Der für Austria Solar von der Agentur Serviceplan designte Jahresbericht 2011 wurde in Cannes mit drei Löwen – Gold, Silber und Bronze - ausgezeichnet. Die Preise wurden in den Kategorien Direct  und Promo&Activation vergeben.

Dies sind nicht die ersten Preise, die Austria Solar und Serviceplan für den solaren Jahresbericht erhielten.
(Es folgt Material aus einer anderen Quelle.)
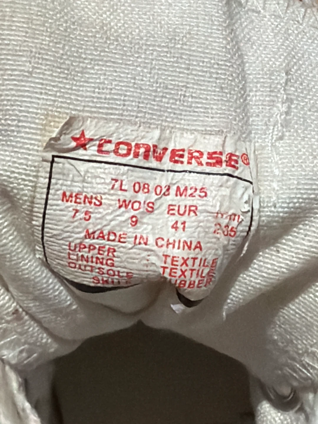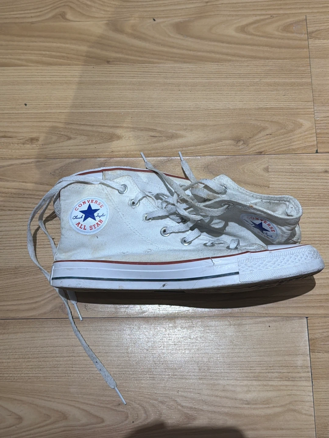 White canvas Converse Chuck Taylor All Star high top sneakers. Women's size 9, men's size 7.5. Textile upper with rubber sole. Some signs of wear present. These are classic high-tops for everyday wear.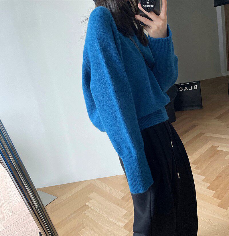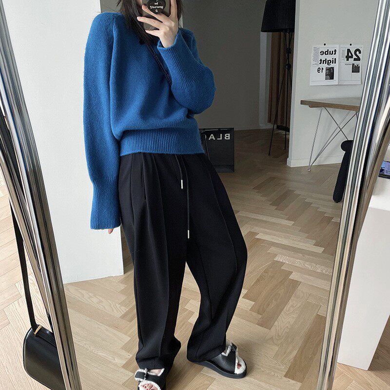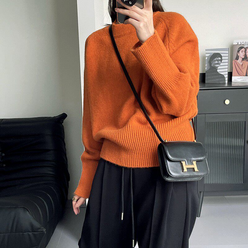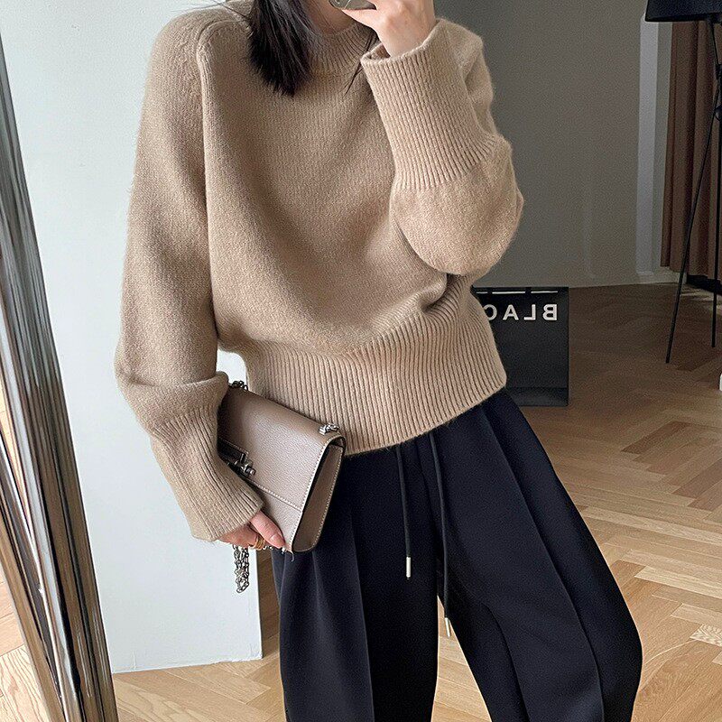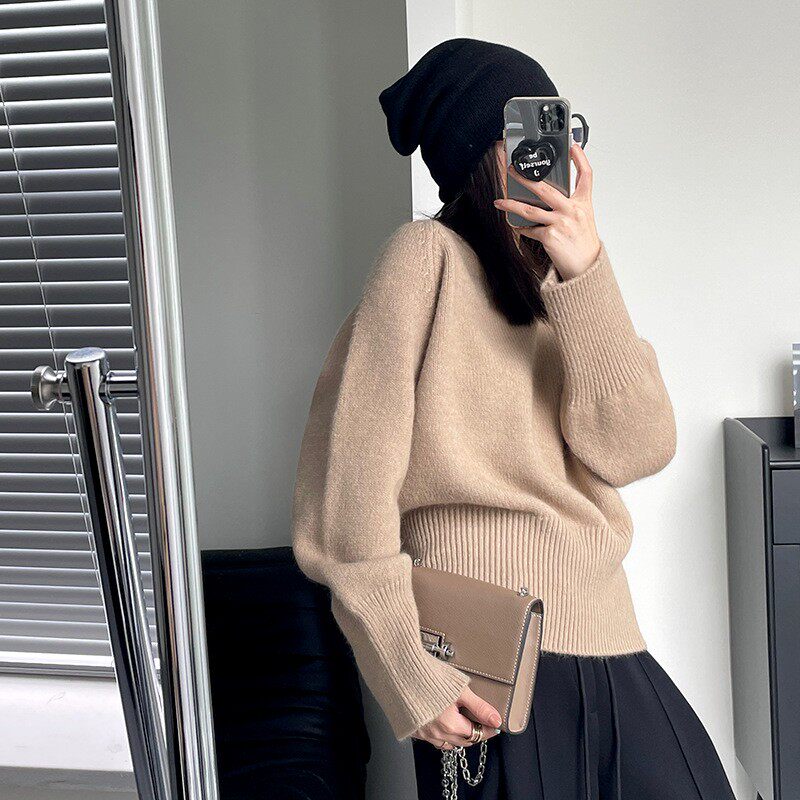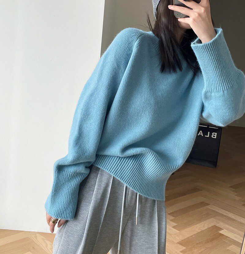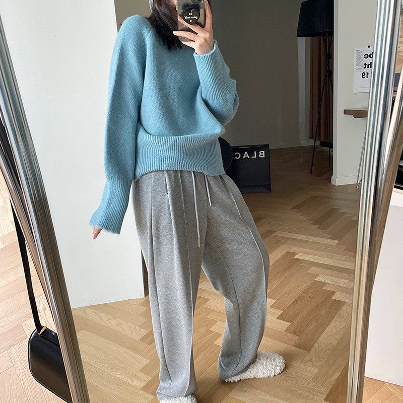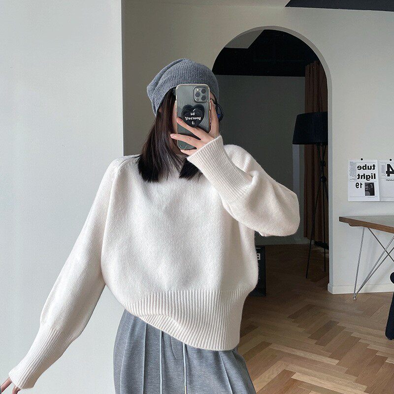 韓版簡約白色圓領套頭毛衣女加厚保暖2025春秋新款純色打底針織衫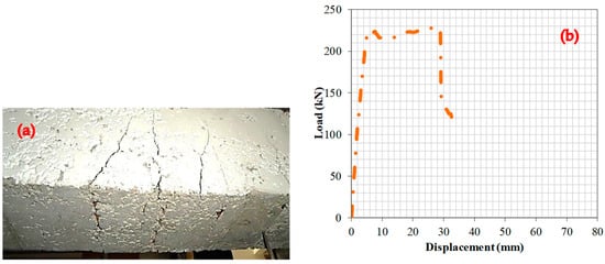 Figure 9 presents the test findings illustrating the effects of RCB with a 40% WAD rate. The deformation line exhibits a linear rise within the load range of 0–155.6 kN and reached the maximum capacity at 25.8 mm; then, the capacity was directly decreased. This specimen showed the least capacity among all specimens.

Der Bericht hat bisher 12 x Gold, 3 x Silber und 2 x Bronze bei den wichtigsten internationalen Werbepreisen gewonnen.  Doch der  Goldene Löwe von Cannes ist der Oscar der Kreativen, die höchste Auszeichnung die es weltweit gibt. Ich freue mich darüber, dass die mutige Entscheidung, den Geschäftsbericht so gestalten zu lassen, derart belohnt wurde!
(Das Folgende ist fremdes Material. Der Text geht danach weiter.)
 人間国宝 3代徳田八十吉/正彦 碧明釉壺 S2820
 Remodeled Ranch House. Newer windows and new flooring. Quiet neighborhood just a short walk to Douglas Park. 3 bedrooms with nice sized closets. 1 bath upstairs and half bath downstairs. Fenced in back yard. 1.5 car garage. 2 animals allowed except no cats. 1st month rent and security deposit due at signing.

Roger Hackstock, Geschäftsführer von Austria Solar mit dem Jahresbericht (c) Laurent Mekul

Was ist so besonders an dem Jahresbericht?
Schlägt man ihn in einem Raum bei Kunstlicht auf, sind nur weiße Seiten zu sehen.
Fallen jedoch direkte Sonnenstrahlen auf das Papier, erscheinen Texte und Grafiken. Erst die Sonne bringt die Leistungen von Austria Solar im Jahr 2011 zum Vorschein. Passender kann ein Jahresbericht für den Verband der Solarwärme-Unternehmen Österreichs nicht gestaltet sein!

Hier das VIDEO, wie der wundersame sonnengesteuerte Bericht aussieht und funktioniert!

Somit möchte ich sagen: Cannes hat nach Peter Hanekes Erfolg als Regisseur und diesem Erfolg einer österreichischen Organisation heuer  die Österreicher in Gold aufgewogen!